Sergide yer alan eserler, “terroir” kavramını nasıl yansıtıyor? Sanatçıların bağbozumu sırasında ürettikleri eserlerde bölgenin ve coğrafyanın etkileri, doğa ve insan arasındaki ilişki nasıl izleniyor?
T.M.G: Terroir şarap üretiminde kullanılan, şarabın kendine özgü karakterini veren toprak, iklim ve çevre gibi faktörlerin birleşimi anlamına geliyor. Bağlara adım attığınız an sizi olağanüstü bir manzara karşılıyor deniz, dağlar ve yıl içinde renkten renge giren bereketli tarlalar. Gördüğüm bu manzaranın içinde hangi hikayeler saklı ve acaba gözden kaçıp unutulanları nasıl birlikte gün yüzüne nasıl çıkarıp, arşivleyebiliriz gibi sorular sormaya başladım. Nitekim, Celine de benzer bir istekle yola çıkmış.
Bu yüzden de serinin ilk sergisi mekânı sanatçıların geliştirdiği yöntemlerle keşfetmek üzerine kurgulandı. Rüzgârın esme yönü, ufuk çizgileri, kendiliğinden oluşan yükseltiler, insan işgaliyle araziyi terk etmiş hayvanları hatırlamak veya toprağı kazdığımızda altından çıkacak arkeoloji ile üstüne kurduğumuz yeni dünyaların şimdiki varlığını anlamlandırmak istedik. Aslında tek yaptığımız dikkatlice etrafı izlediğimizde ve biraz da dinlediğimizde hali hazırda gözümüzün önünde olanı sanatçıların yaratıcı bakışlarıyla yeniden canlandırmak oldu.

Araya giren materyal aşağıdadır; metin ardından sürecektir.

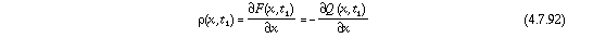 rho (x, t sub 1 ) = {partial F(x, t sub 1 )}over{partial x} = - {partial Q(x, t sub 1 )}over{partial x}

Serginin bağbozumu sırasında gerçekleşmesi sanatçılar ve işçilerin üretim ve verimliliği ile ilgili iki ayrı yapıyı paralel bir düzleme soktu. Burada bir süre vakit geçirdiğinizde aslında doğadan çok insanın baskın olduğunu hissetmeye başlıyorsunuz. Bağlara baktığınızda yapılan bakımı, titizliği ve iş gücü görebiliyorsunuz. Aynı şey 16 sanatçının yapıtında da görünür. Birlikte üretmenin emeğin ve kendi içinde dayanışmanın gücü sanırım bu toprakların kendiliğinden insana aşılanıyor. Sergi hazırlarken de aslında böyle oldu, herkes birbirine yardım ederek, fikir vererek ve birbirinden öğrenerek çalıştı. Bence bu muazzam güçlü bir şey.
Yer Duygusu sergisi mitoloji, biyoloji ve dilbilimsel unsurlar ile sergide nasıl bir çözümleme ile yer alıyor? Coğrafyanın görünmez ve unutulmuş kült belleğine nasıl dokunuyor?

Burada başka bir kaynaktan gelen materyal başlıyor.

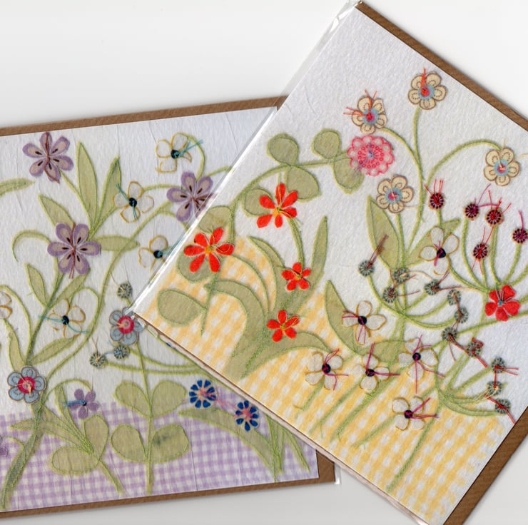 Two blank greetings cards professionally printed from an original Daisy Florence Design 'Flower Garden' artwork.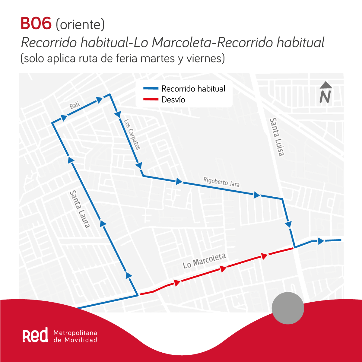 bus Recorrido B06 Hacia el oriente: recorrido habitual – Lo Marcolera – recorrido habitual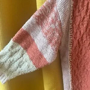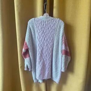 Chic and cozy cardigan with button-up front. Nubby texture throughout. See closeup photos for example of wear..

T.M.G: Barbare Bağları önceden bir ayçiçeği tarlasıymış, bağları kurarken 100 senelik kökler keşfetmişler. Yani bu topraklar üzüme evvelden beri yuva olmuş. Bu fikir başından beri beni etkiliyor. Küllerinden doğarak yeniden üzümlere yuva olan arazi şimdi sanatsal yaratımlara kucak açarak sahip olduğu hazinesini zenginleştirecek. Bu sergi serileriyle hem toprağın hem de zihnimizin hafızasından silinmiş olanı geri çağırmak, hatırlamak ve arşivlemek ana hedefimiz. Sergi fiziki, tarihi ve kurumsal bakış açılarıyla yeni okumalar sunuyor. Sam Nicholson gücünü ağaçlardan alan bir tür rüzgâr gülü tasarlarken, Berkay Kahvecioğlu manzaranın ortasından geçen devasa elektrik direğine meydan okuyor ve onu köklerle yeniden inşa ediyor. Sergi sürecinde bağların arasında sürekli yürümek toprağın havalanmasını engellediği için Serra Bilgincan buna bir formül sunuyor ve o yürüdükçe arkasından toprağı çapalayan bir alet tasarlayarak verimsizliği verimli hale getiriyor. Eda Şarman tarım arazilerinin işgal ettiği ve hayvanlardan çaldığı meraları onların sahiplerine yeniden armağan ediyor, benzer dürtü Dilşad Aladağ’ın ses yerleştirmesi ve tekstillerinde vücut buluyor ve endüstriyel tarım, mülkiyet gibi hakimiyet kuran sistemlerin arasında doğal unsurların hala bir şekilde kendini var edebilmesinin altını çiziyor. Bu alanda insanın baskın olması gerçeğinin karşısında Büşra Özdemir buraya özel topladığı bitkilerle yaptığı bayrakları dikerek sınırları olmayan bitkilerin özgürlüğünü ilan ediyor. Lalin Mercan buranın arkeolojisindeki unsurları bugünün okumalarıyla kurgusal bir yere taşırken, Dilan Bozer bu coğrafyanın en önemli mimari, sosyal ve ekonomik unsuru olan tümülüsleri yeniden yorumluyor ve toprakla olan ilişkimizi bize hatırlatıyor. Kısacası insanın müdahalesiyle değişen manzarayı doğal olan ve doğal olmayan yönleriyle tarihi ve geçmişiyle ele alıyor.
Bu sergi, üç yıllık bir süreçte devam edecek bir serinin ilk bölümü olarak sunuluyor. Önümüzdeki dönemlerde bizi hangi kavramlar, araştırmalar ve yaklaşımlar bekliyor? Nihayetinde 3 yıl sonunda sergi dizisinin bitiminde nasıl bir arşiv ve araştırma sanat literatürü için kalıcı hale gelecek?
T.M.G: Buna henüz yanıt vermek için çok erken. Aslında tam da bu yüzden Barbare Studio’ya 3 yıllık bir araştırma önerdim. Bunun sebebi araziye her adım attığımda farklı bir renk, bitki örtüsü ve tarımsal dönemle karşılaşmamdı. Alanı gerçekten özümseyebilmek için altı aylık bir çalışmadan fazlası lazımdı. Açık söyleyeyim burayı daha fazla keşfetmek isteği ile buradayım, yukarıda bahsettiğim belirsizlikleri süreç içinde anlamlandırmak önemliydi. Aslında sergi bu keşfin sadece bir ayağı, gerçek hedef süreç içinde sanatçıların edindiği bilgiler, yaptığı araştırmaların soyut bir kütüphanesini oluşturmak. Ben yalnızca 3 sene içinde bir kitap sunacağım bu kütüphaneye. Sanatçılar her yıl sergi sonunda bir sonraki gruba aktarılmak üzere araştırmalarını açacak. Bu aslında tarımın düsturunda da olan bir şey bir yıl öncesi sonrasına etki ediyor. Biz henüz kitabın giriş kısmındayız, sergi sonunda yaşadığımız etkileşimlerin sonucunda hangi yeni kavramlar çıkacağını şimdilik izleyicilere bırakmak istiyorum.